I'm thinking of creating a Chrome extension that will let you type /forecast Will x happen? anywhere on the internet, and it'll create and embed an interactive Fatebook question.

I'm thinking of primarily focussing on Google Docs, because I think the EA community could get a lot of mileage out of making and tracking predictions embedded in reports, strategy docs, etc. This extension would also work in messaging apps, on social media, and even here on the forum (though first-party support might be better for the forum!). 

Great, thanks!

The format could be "[question text]? [resolve date]" where the question mark serves as the indicator for the end of the question text, and the resolve date part can interpret things like "1w", "1y", "eoy", "5d"

I'm interested in adding power user shortcuts like this! 

Currently, if your question text includes a date that Fatebook can recognise, it'll prepopulate the "Resolve by" field with that date.
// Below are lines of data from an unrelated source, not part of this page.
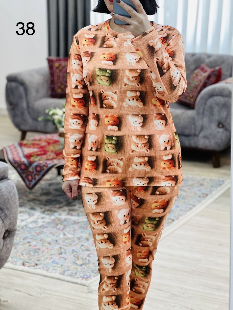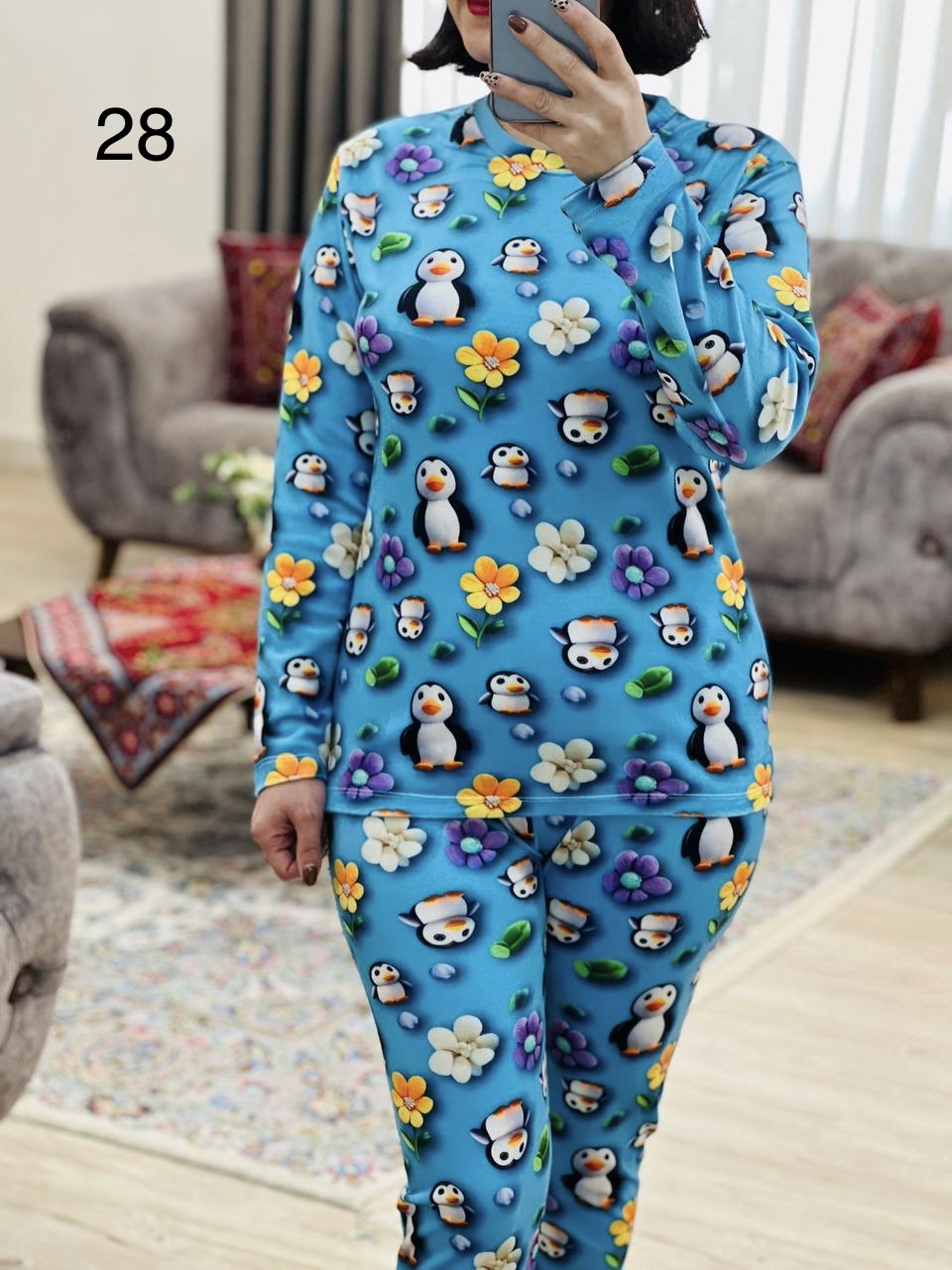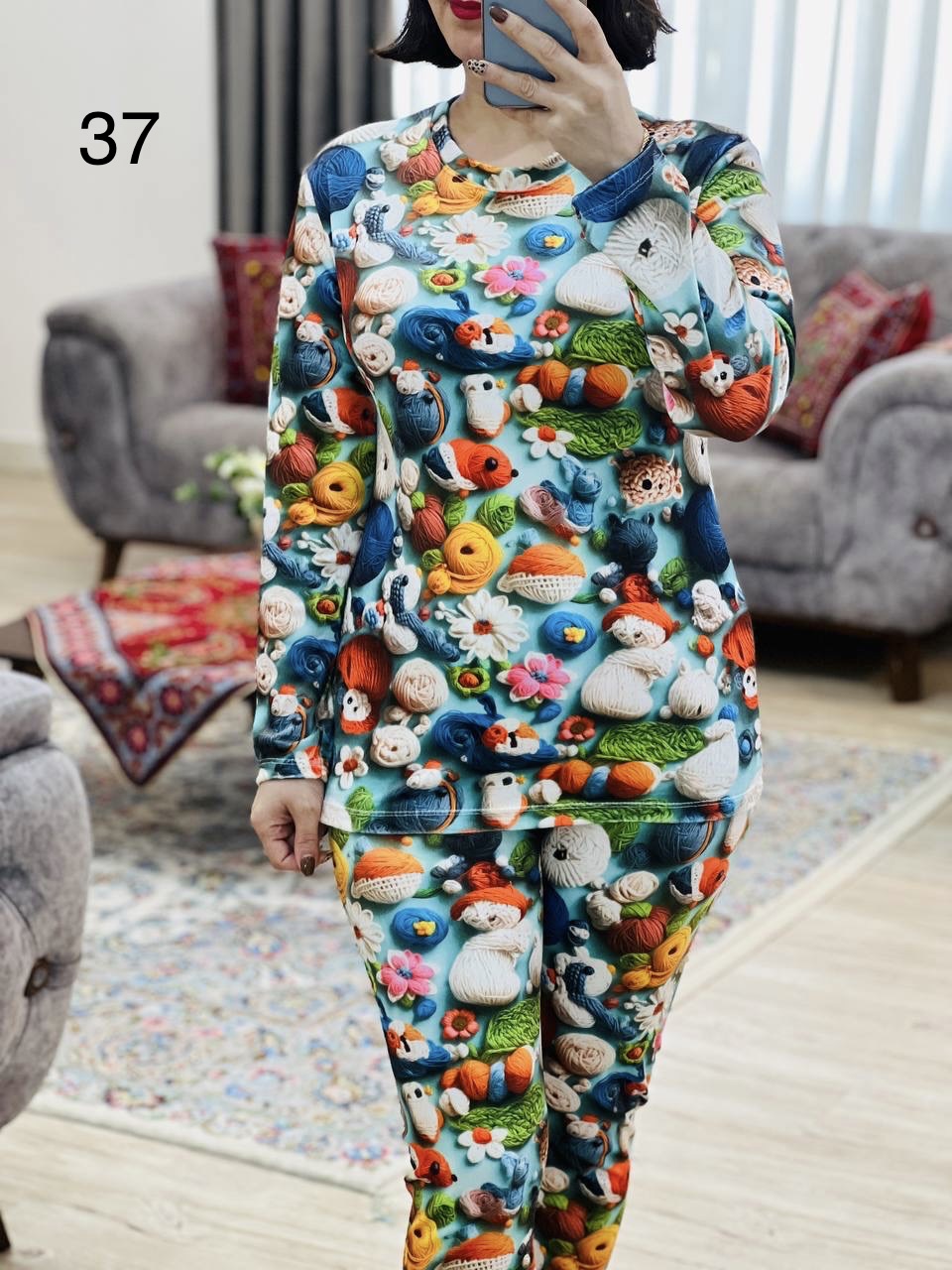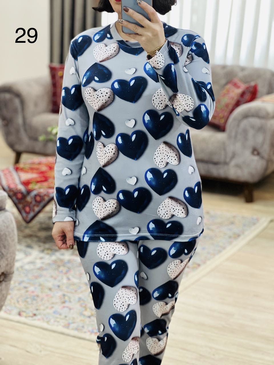 مناسب 36 تا 44 / دور سینه 96 / قد بلوز 65 / قد آستین 56 / سرشانه 16 / قد شلوار 95 / فاق 32 / دور ران 50 / تمام سانتها بدون کشسانی نوشته شده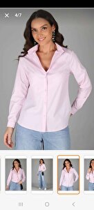 Kadın Pembe Likralı Uzun Kol Pamuklu Klasik Gömlek Kadın Pembe Likralı Uzun Kol Pamuklu Klasik Gömlek 60090-21k 4XL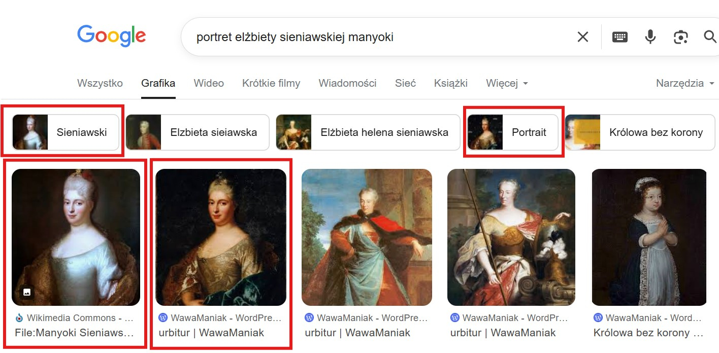 - Il. 3 – Wyniki wyszukiwania grafiki w wyszukiwarce Google po wpisaniu hasła „portret elzbiety sieniawskiej manyoki” z zaznaczeniem wizerunków portretu z Muzeum Sztuk Pięknych – Węgierskiej Galerii Narodowej przed i po konserwacji, zrzut ekranowy wykonany 29.09.2025.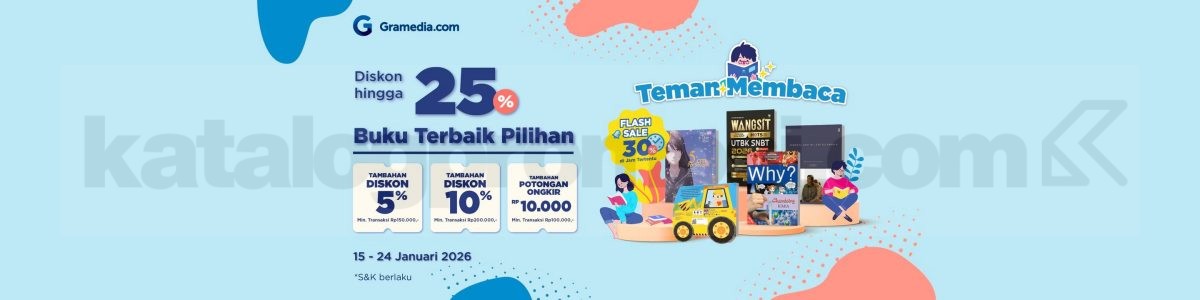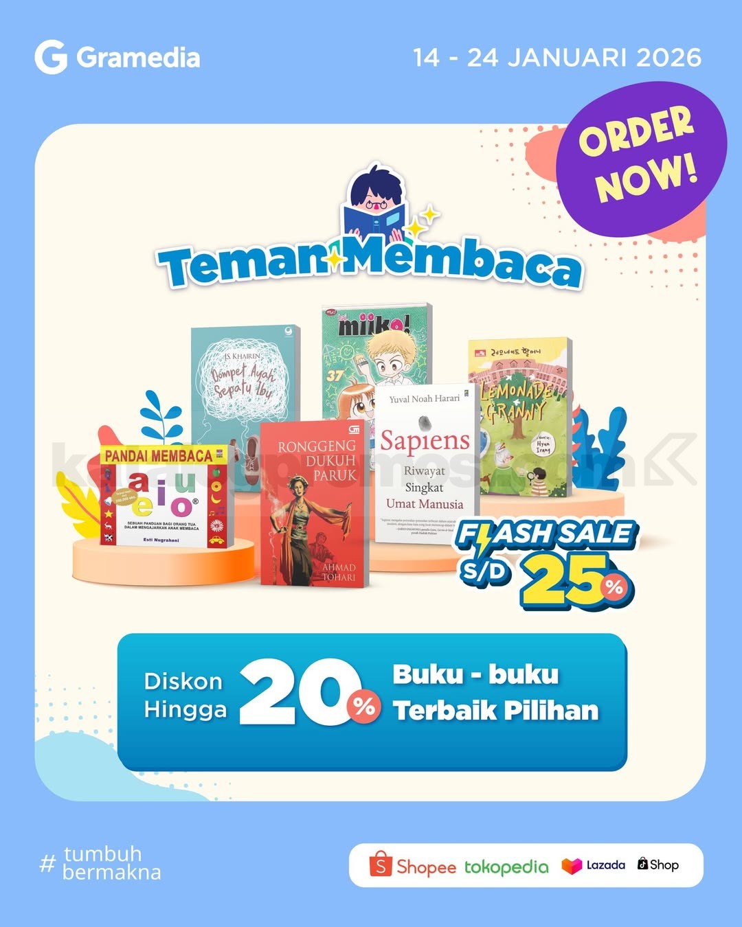 Promo Gramedia Teman Membaca diskon buku hingga 25%, flash sale sampai 30%, tambahan diskon & ongkir berlaku 15 – 24 Januari 2026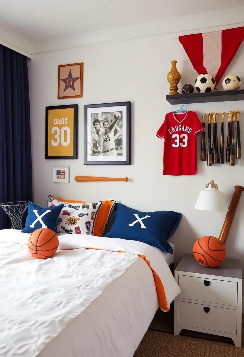 To elevate the room’s aesthetic, integrate banners or flags of favorite teams, perhaps pairing them with personalized trophies or medals displayed on shelves. Create a dedicated corner with a mini sports setup — think of a small basketball hoop or a soccer net where they can practice their skills. Use a palette inspired by their favorite team’s colors for the bedding and curtains, creating a cohesive look that channels both style and passion for sports.each of these elements serves not only as decor but also as a daily reminder of hard work and perseverance, empowering them to reach for their dreams. For further inspiration, explore creative ideas at Pinterest.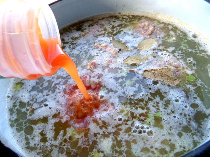 Опускаем осторожно бомбочки в горячий суп,разводим пасту в бульоне и выливаем в суп. Добавим лаврушку,пробуем на соль.

This works for a bunch of common phrases, e.g. "in two weeks" "by next month" "by Jan 2025" "by February" "by tomorrow".

If you play around with the site, I'd be interested to hear if you find yourself still keen for the addition of concise shortcuts like "2w" or if the current natural language date parsing works well for you.

It looks fantastic! Great job as always

I absolutely love that it infers resolving dates from the text! I was positively delighted when the field populated itself when I wrote "by the beginning of september". This is especially important on mobile.

Excited to see if this is a useful tool. Very polished, nice work!